Ensure config.json has a valid telegram.botToken and Lemonade is running.

Standalone services (for testing or custom setups)

Telegram adapter only: npm run start:telegram or npm run dev:telegram
Generator (model-router): npm run start:generator

Other services (task-memory, logger, planner, executor, critic-agent, rag-service, tool-host, cron-manager) are normally started by the Orchestrator; run them manually only if you are wiring your own pipeline.

Tests

npm test

The suite includes unit tests for Task Memory, RAG Store, graph utils, browser service, and HTTP Get tool, plus an integration test for the conversation archiving flow (src/__tests__/archiving.test.ts).

Reminder System

The bot supports scheduling reminders using natural language:

One-time Reminders

"Remind me in 5 minutes to check the oven"
"Remind me tomorrow at 3pm to call John"
"Remind me next Monday at 9am about the meeting"

Recurring Reminders

"Remind me every day at 9am to take vitamins"
"Remind me every Monday at 10am about the team meeting"
"Remind me every week to review the budget"

Managing Reminders

List active reminders: /reminders
Cancel a reminder: /cancel_reminder <id>

The system uses LLM-powered time parsing to convert natural language expressions into cron expressions, which are then scheduled via the Cron Manager service. When a reminder fires, the bot sends a message back to the user via Telegram.

Message Reliability

The Telegram adapter includes a robust delivery system:

Automatic Escaping: Handles MarkdownV2 special characters.
Plain-text Fallback: If a formatted message fails to send (due to complex entities), the adapter automatically retries as plain text to ensure the user always receives the information.
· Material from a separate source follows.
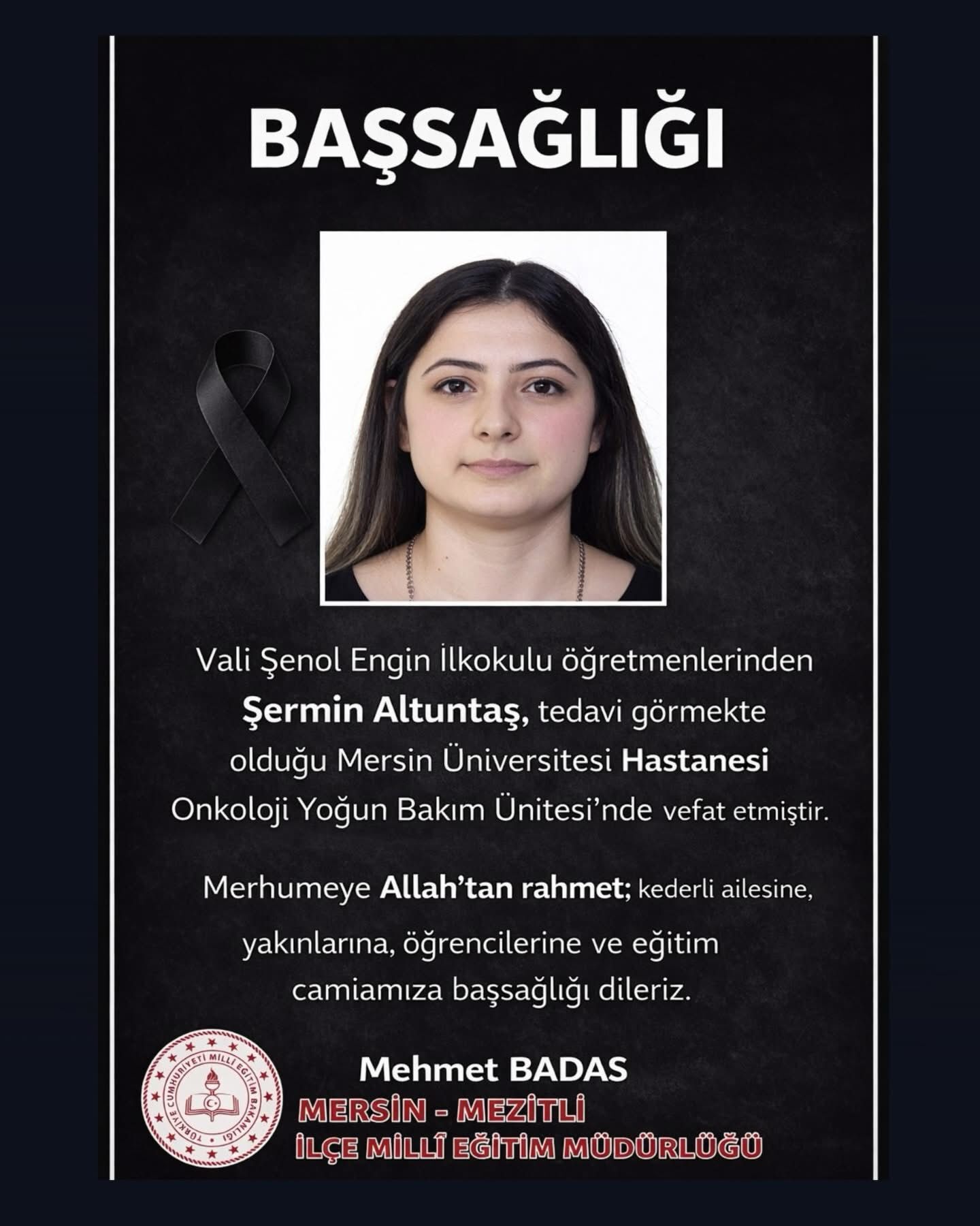 Mersin’de Vali Şenol Engin İlkokulu’nda öğretmenlik yapan 35 yaşındaki Şermin Altuntaş, bir yıl önce yakalandığı ilik kanseri nedeniyle tedavi görmeye başladı. Tedavisi Mersin Üniversitesi Hastanesi Onkoloji Bölümü Yoğun Bakım Ünitesinde devam eden genç öğretmen yapılan tüm müdahalelere rağmen kurtarılamayarak hayatını kaybetti. Evli ve 2 çocuk annesi Altuntaş’ın acı haberi ailesi, meslektaşları ve öğrencilerini yasa boğdu.

HTTP Get Tool (Browser-based)

The http_get tool uses Playwright browser automation for handling all websites, including JavaScript-heavy sites and bot-protected pages.

Features

Full Rendering: Uses Playwright to render pages, supporting Single Page Applications (SPAs) and dynamic content
Bot Detection Bypass: Uses Playwright with stealth plugin to bypass common bot detection mechanisms
HTML to Markdown: Automatically converts HTML responses to clean Markdown format (can be disabled)
Realistic Behavior: Simulates human-like browsing with random delays, mouse movements, and scrolling

Usage

The tool accepts these parameters:

url (required): The URL to fetch
convertToMarkdown (optional, default: true for HTML): Convert HTML responses to Markdown

Examples

// Fetch URL (uses browser)
{ "tool": "http_get", "arguments": { "url": "https://example.com" } }

// Keep HTML format
{ "tool": "http_get", "arguments": { "url": "https://example.com", "convertToMarkdown": false } }

Performance

Browser-based: Typically 2-5 seconds, includes realistic delays and JavaScript execution
Browser context reuse improves performance for multiple requests

Configuration

Browser service settings can be configured in config.json:

browserService.headless: Run in headless mode (default: true)
browserService.timeout: Operation timeout in milliseconds (default: 30000)
browserService.enableStealth: Enable stealth plugin (default: true)
browserService.reuseContext: Reuse browser context (default: true)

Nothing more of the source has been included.